Want cinnamon buns? apple pie? chocolate cake? muffins? bread? There’s a recipe for that! The world was in my grasp – I just needed the recipes.

And then I discovered that not all recipes are created equal. Some were clumsy, or just cheap shortcuts whose end results were utterly unsatisfying. Wedding cake made from Twinkies and Cool-Whip, I’m looking at you! While I read that recipe with astonishment, I did have the sense not to make that.

Other recipes gave good results, but worth the effort for a home baker? Nope. Fig Newtons from scratch, for example. My siblings polished off about 6 hours of work in 20 minutes. If I want them, I buy them.

In one memorable episode, I decided to attempt a butter danish from scratch. This requires a laminated dough built of 128 layers rolled out by hand while incorporating cold stiff butter. It was exhausting, and in the end, while good, produced uneven results. Visiting a friend who was a professional baker, I was sharing some 4 am coffee with him as he started the day’s baking. When I complained about butter danish being such an exhausting dough, he frowned. “Difficult? Not really. I’ll show you!” And he grabbed the dough, the butter, folded them together and fed it all into a nifty professional machine that effortlessly produced a multi-layered dough in just a few passes. “See? Nothing to it.”

Which is when I realized that what a professional with knowledge, skill and training can accomplish is not always within easy reach of the home baker. Professional tools and specific quality ingredients exist for a reason. Lesson learned!

Baking is scientific. It is a series of chemical reactions between ingredients that happen at a certain point of mixing, or after specific time, or at a specific temperature. There is leeway, of course, provided you know what you’re messing with! Leave a rising yeast dough too long in a warm room and it does not go well. Need to leave it to dash a dog to the vet with a cut paw? Knowing to pop it in the refrigerator saves the day and might even improve the flavor.

While I am a good hands-on baker, I had enough disasters and “not quite what I hoped for!” results to send me in search of more technical knowledge. Turns out you cannot substitute or leave things out or double up on ingredients without consequences. Learning why things went wrong, and most importantly why things go right has taken my baking to a new level, though I am still just an enthusiastic amateur.

Why am I sharing this on a blog mostly read by dog trainers? Because animals training is a lot like baking. We see beautiful results, and we want them. We seek out the recipes that should – in theory! – produce those results. And then we learn that so many small decisions along the way can make a world of differences. Many of those small decisions escape our notice, because we’ve not been trained to notice them. What is “butter, softened”? Or, most critically, what the heck is “room temperature”??? I mean, really, exactly whose room are we talking about? (Answers, for those who care: light fingertip pressure leaves an indentation; approx. 67 degrees F).

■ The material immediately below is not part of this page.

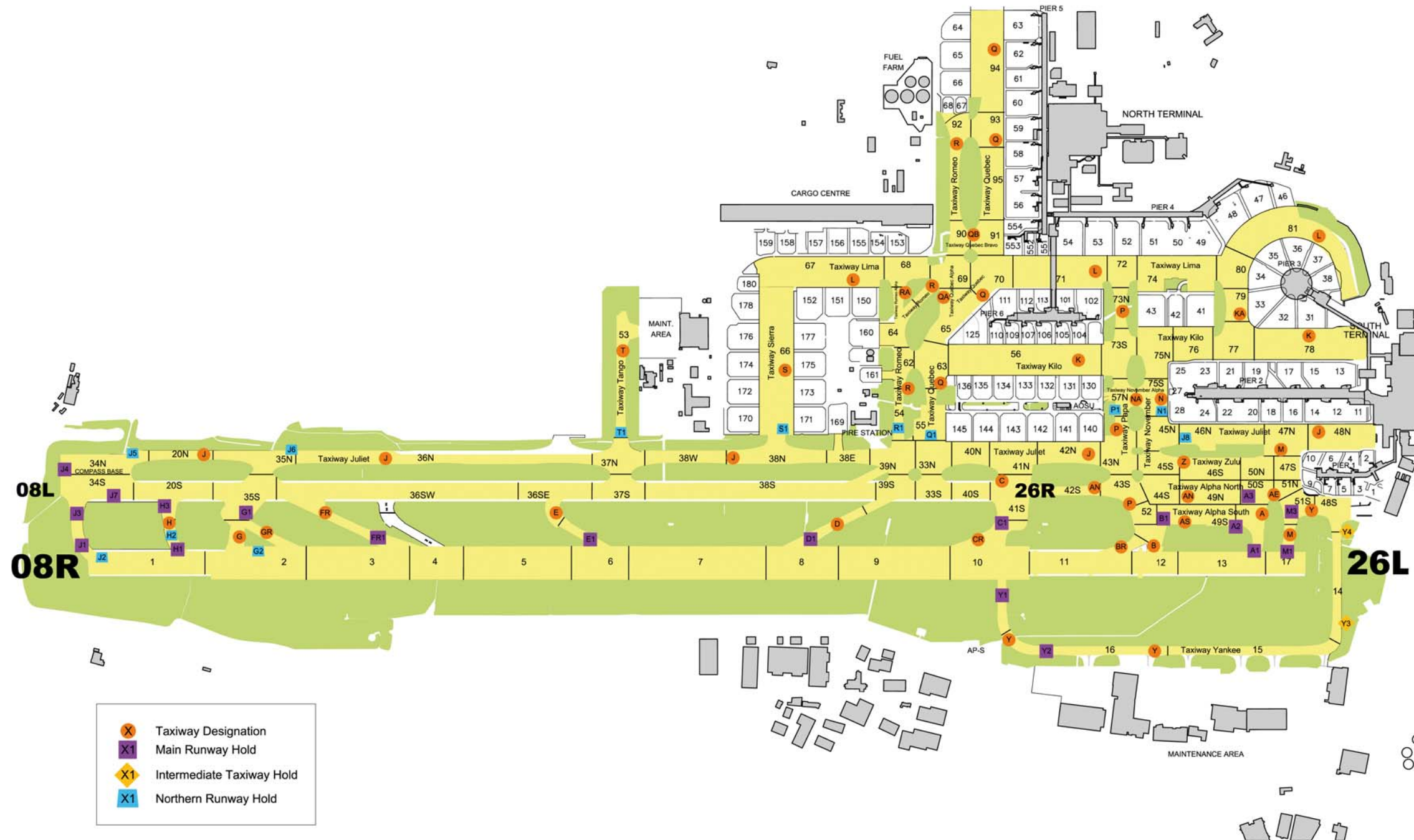
FIGURE 3 Gatwick Airport 2007

For those working on training animals, we learn to see things in more nuanced ways. We understand that long before the dog is barking at us, we’ll see tell-tale cheek puffs or shifts in the shape of the eyes. We learn to give information while the dog is considering something, when the intent is forming, not as she launches. We learn that patience can mean a long, long time, not just seconds. And on and on, our learning continues, endlessly.

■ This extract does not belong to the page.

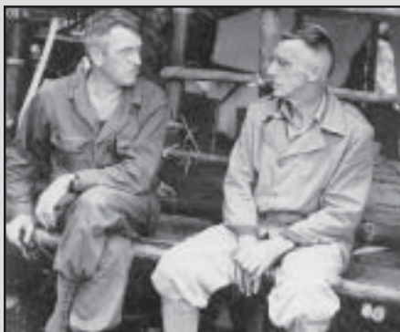
Brig. Gen. Frank Merrill and Lt. Gen. Joseph Stilwell: the leaders on the ground

I know many recipes, and I keep sifting through to find only those which help me keep the light alive in those eyes looking back at me. Only that makes it into my cookbook, and every “recipe” has many notes about what must be considered, and under what conditions that recipe will prove helpful, and when that recipe is not what that dog or handler or moment needs.

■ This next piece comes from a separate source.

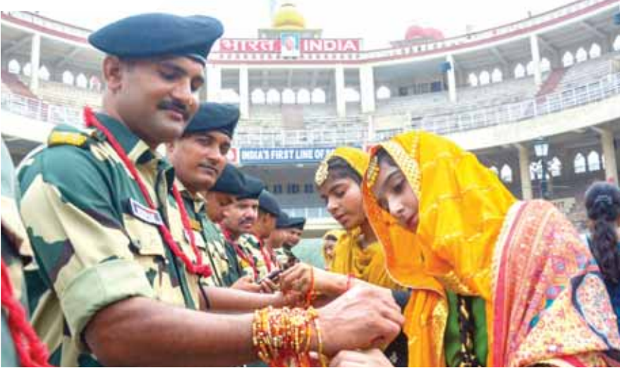
Women tie 'rakhi' on wrists of BSF personnel on the occasion of Rakshabandhan at Attari-Wagah Border, Amritsar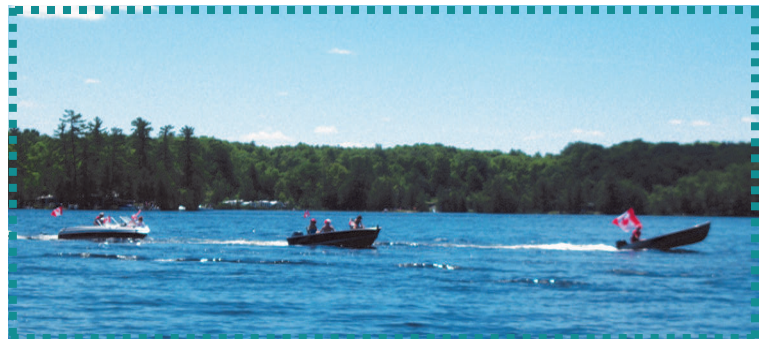
Colourful displays and happy patriotic onlookers as the 2011 Canada Day Boat Parade went through Mitchell Bay!

As long as I’ve been a trainer, I’ve continued to learn and grow. Which is a lovely, uplifting way to say I’ve continued to make mistakes, exercise poor judgement, have inadequate skill or knowledge, and still keep trying to better, every day, on behalf on the animals in my hands.

Which bring us to the Cake Mistake. Experience, recipes and all the technicalities in the world don’t necessarily prevent mistakes. But it can help you make things right.